And all through the warehouse
Boxes are everywhere
And probably a stray mouse
The agencies will be here
To pick up their presents
So Christmas will come
To those who have less
The high today will be 22 degrees. There is snow and ice on the ground. Our temporary 90,000-square-foot warehouse is not heated and Kim has just texted me that she and Betsy agree that it’s time to buy a space heater. Weenies.
It’s the day before the Christmas Giveaway and there are still piles to be put together for the almost 80 agencies that will pick up tomorrow so their clients can have something in their stockings Christmas morning.
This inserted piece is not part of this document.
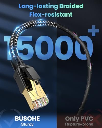 RJ45 Connection and Excellent Interference Resistance: BUSOHE cat8 ethernet cable is using gold-plated RJ45 connectors for excellent conductivity and connectivity. The high speed ethernet cable is made of 4 pairs of shielded twisted pairs(S/FTP) and multiple strands of thick copper wires. With a multi-layer shielding design using shielding foils to minimize signal interference(EMI/RFI) and crosstalk problems

This is absolutely the best week of the holiday season for me.
But let’s get back to this space heater issue. Last winter, when it was just Betsy and me in our own warehouse I let her lips turn blue before I cut on the heat. I mean, I gave the girl some long underwear. Just buck up. I had thought Kim was a little tougher. Here they are. The two conspirators in our luxurious warehouse offices. Bundled up in their winter coats. Plotting. Plotting to get a space heater that will emit a twizzle of warmth that will immediately float up to the top of the 14-foot ceiling. I’m just saying.
It’s not that I’m cheap, which I am. I am standing on principle. The principle of discomfort. The principle that a $39 space heater will not make them appreciably warmer. And I realize that I am digging my own very cold grave because should this paltry space heater emit even a smidgen of warmth those two will not share it with me.
No room around our plastic desk table for the executive director. Guess I’ll have to get some thicker thermal socks.